I went to an emotional growth wilderness program the summer before my senior year, which gave me the one-on-one assistance I needed to regain my self-confidence. After the wilderness program, I went to a private, therapeutic boarding school for girls with no more than 28 girls on campus at one time, and a student to staff ratio of 5:1. Each student had an individual education plan, and the staff worked with each student to achieve success, not only academically, but in character development as well. I graduated high school with a class of three, and rather than honoring only the best like the larger public schools do, each one of us received special recognition. What I learned in the private programs continues to direct my decisions more than 10 years later.

I am one of thousands of success stories of children who graduated from private, character development schools and programs. With the growing number of successful students coming into the network, the next generation will have more professionals who understand the need for character development and for smaller classes.

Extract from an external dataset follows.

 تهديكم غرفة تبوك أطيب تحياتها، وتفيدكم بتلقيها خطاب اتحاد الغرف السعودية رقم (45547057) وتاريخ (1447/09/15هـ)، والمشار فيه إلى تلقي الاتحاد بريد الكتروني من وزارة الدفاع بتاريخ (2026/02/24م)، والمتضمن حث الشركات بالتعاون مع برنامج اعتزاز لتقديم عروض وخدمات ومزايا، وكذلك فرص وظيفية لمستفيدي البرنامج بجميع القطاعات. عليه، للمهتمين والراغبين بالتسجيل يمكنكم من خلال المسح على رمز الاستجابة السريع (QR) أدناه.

I believe that the best way to reach teens and help them learn is to get away from larger educational institutions, and incorporate techniques that build emotional growth. Teens need to feel important and adequate. They need to learn how to work through emotional traumas, such as divorce and poverty. Parental involvement is also necessary because children need to feel adequate and supported in order to progress through their teenage years.

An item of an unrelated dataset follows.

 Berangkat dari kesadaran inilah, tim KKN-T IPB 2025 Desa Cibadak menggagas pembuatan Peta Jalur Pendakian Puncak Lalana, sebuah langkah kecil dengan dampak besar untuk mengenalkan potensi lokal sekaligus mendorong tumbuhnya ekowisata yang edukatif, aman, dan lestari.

One thing I've learned through personal experience and my career is that all children learn differently. Although state laws vary, all states say children must attend some sort of recognized education, and the "No Child Left Behind Act" offers more options for parent-choice education. 3 However, students do not need one governmental body telling them how they have to learn, they need educational plans tailored to their specific learning style. As teens learn by example, teachers must also lead moralistic and ethical lifestyles, to set examples for students. From personal and business experience, I believe that the emotional growth/ therapeutic network of parent choice schools and programs create a successful model to help teens both enhance their education and grow into responsible young adults.

References:
1.) Strugglingteens.com; Places for Struggling Teens, a resource and information website.
2.) Survey of Arizona Private Schools: Tuition, Testing and Curricula, by Vicki Murray and Ross Groen, Goldwater Institute Policy Report #199 January 5, 2005
3.) US Department of Education Website, No Child Left Behind Act.